The result was perhaps the most technologically managed election campaign Bengal had ever witnessed.
Yet Shah’s political strength lies not merely in centralisation but in adaptation. The BJP campaign constantly recalibrated itself through continuous feedback loops. District-level reports influenced messaging almost in real time. Rallies and roadshows were not only demonstrations of strength; they were also instruments for political assessment.
The BJP also learned an important lesson from other state elections: ideology alone cannot defeat entrenched regional governments. Governance promises had to become tangible. Commitments such as implementing the Seventh Pay Commission for state employees, restoring industrial confidence and strengthening policing structures gave the BJP campaign administrative credibility beyond ideological rhetoric.
The outreach towards the politically influential Matua community proved particularly significant. Concerns arising from the Special Intensive Revision of electoral rolls created anxiety among sections of the community. The BJP responded by organising enrolment assistance camps and citizenship support initiatives, reinforcing its image as a responsive political force rather than merely an oppositional movement.
Meanwhile, the Trinamool Congress increasingly appeared weighed down by incumbency fatigue. Mamata Banerjee remained Bengal’s most charismatic mass leader, but the perception of administrative stagnation and corruption weakened the emotional connect her government once enjoyed. Bengal’s electorate, historically known for dramatic political realignments once public opinion shifts decisively, appeared ready for change.
That shift ultimately elevated Suvendu Adhikari into the central figure of Bengal’s new political era.
Ironically, Adhikari himself represents Bengal’s political transformation more vividly than anyone else. Once among Mamata Banerjee’s closest lieutenants and one of the architects of the Trinamool Congress’s grassroots rise, he eventually became the face of the BJP’s Bengal expansion. His journey from Trinamool strategist to the state’s first BJP Chief Minister symbolises the scale of Bengal’s political realignment.
On May 9, Adhikari will formally take oath at a grand ceremony expected to be attended by Prime Minister Narendra Modi, Amit Shah and several NDA chief ministers. The symbolism is impossible to miss. The BJP is not treating this merely as a government formation ceremony; it is projecting it as the culmination of a decades-long ideological ambition dating back to Syama Prasad Mookerjee.
The real challenge, however, begins after the celebrations end.
Bengal has historically reshaped those who govern it. The Congress adapted to Bengal’s intellectual culture. The Left Front became inseparable from Bengali political identity. Even Mamata Banerjee’s populism emerged from Bengal’s unique social temperament. The BJP, too, will now have to evolve from being an insurgent political force into a governing establishment.

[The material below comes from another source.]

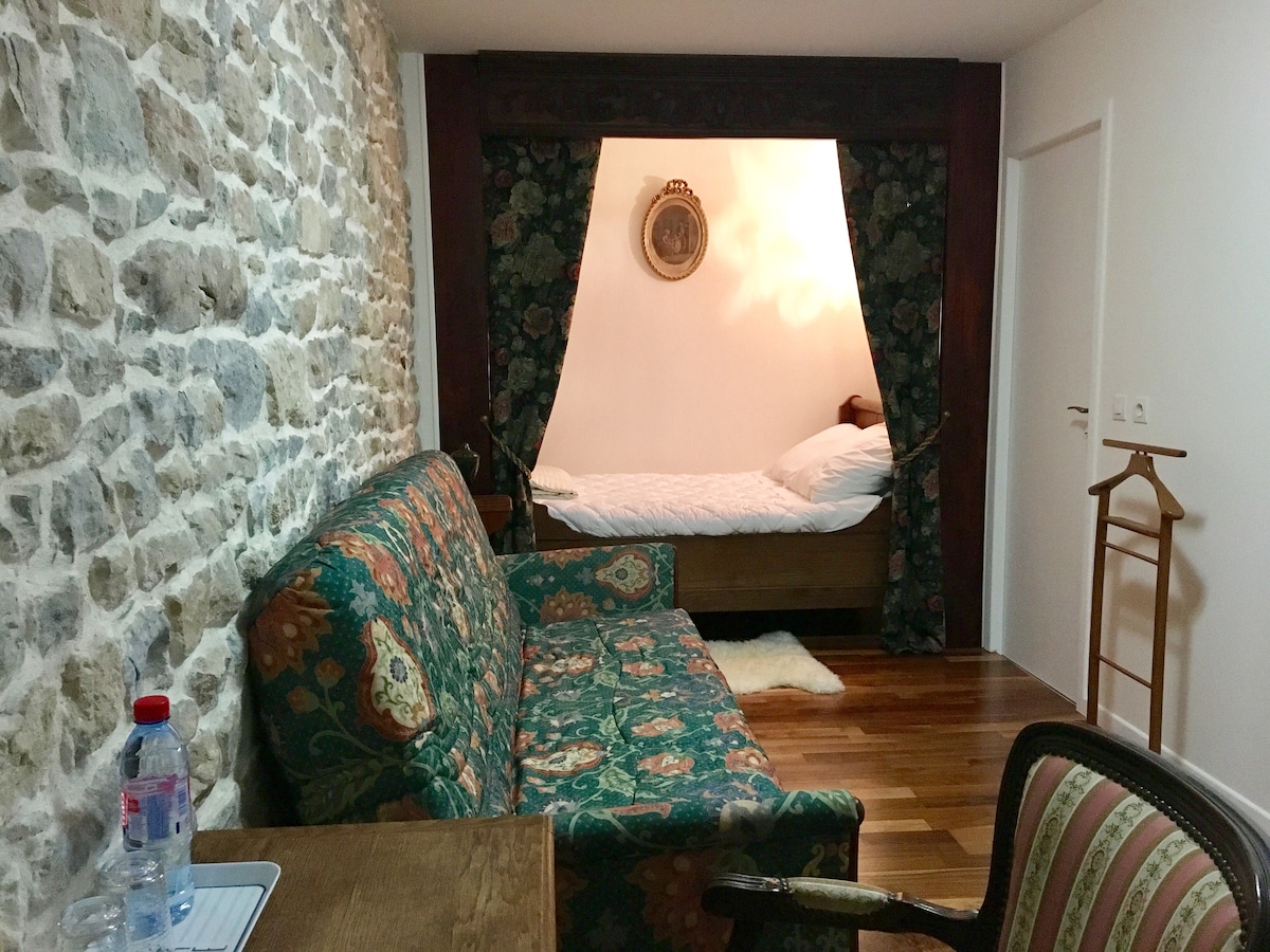 Notre maison dans laquelle nous habitons à l'année à été restaurée pour avoir tout le confort tout en gardant les caractéristiques d’origine ( boiseries , parquets , cheminées , tableaux , etc…) et la cour est devenue un jardin accueillant. Les animaux ne sont pas admis . Une aile entière de la maison vous est réservée au premier étage donnant sur le jardin intérieur .

That transition will not be easy.
The party must now balance ideological assertiveness with administrative pragmatism. It must govern Bengal without appearing culturally intrusive. It must prove that its Bengal project is not merely an electoral conquest but a durable political alternative capable of delivering governance, stability and economic revival.

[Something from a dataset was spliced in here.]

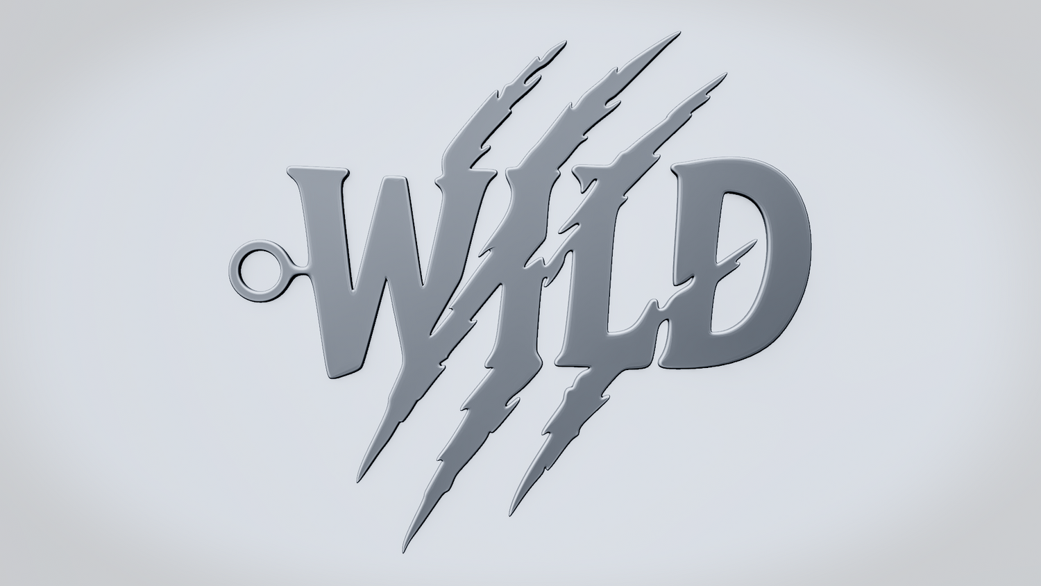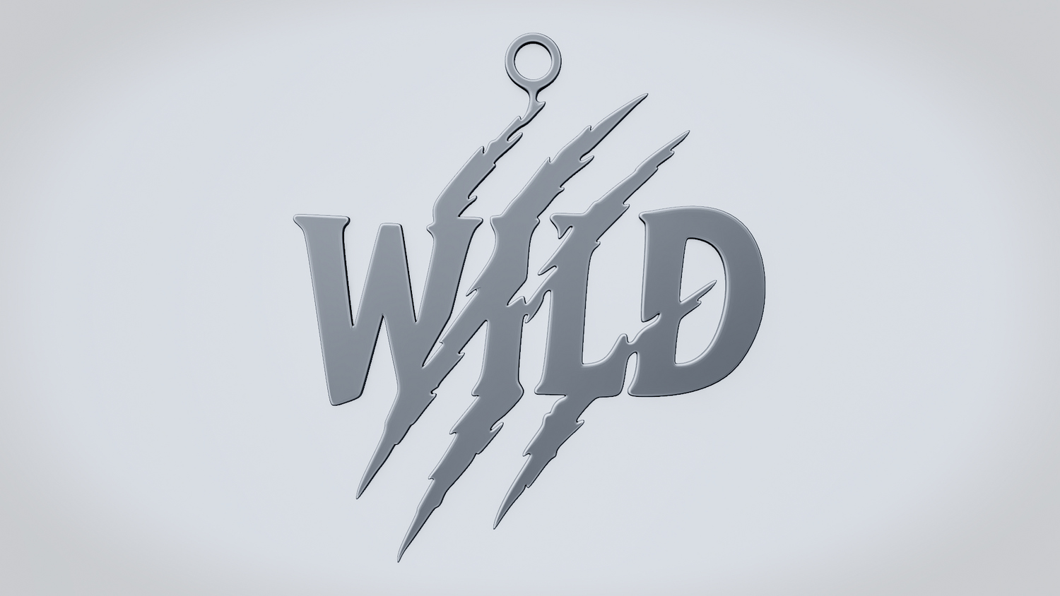 A solid 3D printable design featuring the word WILD in a bold, aggressive style, crossed by sharp claw-mark slashes that give it a fierce and untamed look. The overall shape is strong, readable, and visually striking, making it work well both as an accessory piece and as a decorative printed model.

For now, however, the moment belongs to Amit Shah and Suvendu Adhikari.
Bengal did not turn saffron through accident or sudden emotional upheaval. It changed through relentless organisational work, cultural adaptation and political patience. Amit Shah’s Bengal strategy succeeded because it recognised an important truth about the state: Bengal resists imposition, but it responds to persuasion.
And in 2026, persuasion finally prevailed.